Non-volatile semiconductor memory cells using a floating gate to store charges thereon and memory arrays of such non-volatile memory cells formed in a semiconductor substrate are well known in the art. Typically, such floating gate memory cells have been of the split gate type, or stacked gate type.
It is also known to form memory cell elements over non-planar portions of the substrate. For example, U.S. Pat. No. 5,780,341 (Ogura) discloses a number of memory device configurations that includes a step channel formed in the substrate surface. While the purpose of the step channel is to inject hot electrons more efficiently onto the floating gate, these memory device designs are still deficient in that it is difficult to optimize the size and formation of the memory cell elements as well the necessary operational parameters needed for efficient and reliable operation.
The use of three gates in a non-volatile memory cell is also well known in the art. See for example U.S. Pat.
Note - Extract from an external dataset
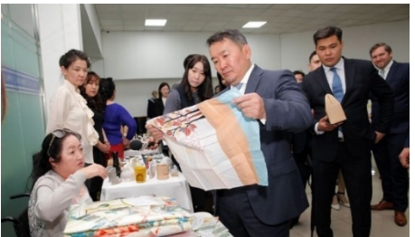
President Khaltmaagiin Battulga visits the Women's Business Center on May 14.

With half of Mongolia's population living in Ulaanbaatar and competing for essential infrastructure like water and electricity, starting a business here and keeping it running is hard, even more so for women entrepreneurs. Mongolia's first-ever <u>Women's Business Center (WBC) and Incubator Project</u>, funded by the <u>Korea International Cooperation Agency (KOICA)</u> and The Asia Foundation's <u>Lotus Circle</u>, supports a growing number of women business owners, particularly single mothers and those with disabilities or from low-income groups, by providing an <u>enabling environment of high-quality business support services</u>. As the most active network of women entrepreneurs in Ulaanbaatar, the WBC is helping women clients create employment opportunities for other women, shift from informal

Nos. 5,856,943 or 6,091,104.
Finally, self-aligned methods to form non-volatile split gate floating gate memory cells are also well known. See U.S. Pat. No. 6,329,685.
Erasure of charges on a floating gate through the mechanism of poly-to-poly tunneling of electrons through Fowler-Nordheim tunneling is also well known in the art. See U.S. Pat. No. 5,029,130, whose disclosure is incorporated herein by reference in its entirety.
Thus, it is one object of the present invention to create a self-aligned method to make a non-planar split gate floating non-volatile memory cell, and an array of such cells, in which the cell has three gates: a floating gate, a control gate and an erase gate, wherein charges are removed from the floating gate to the erase gate through the mechanism of Fowler-Nordheim tunneling.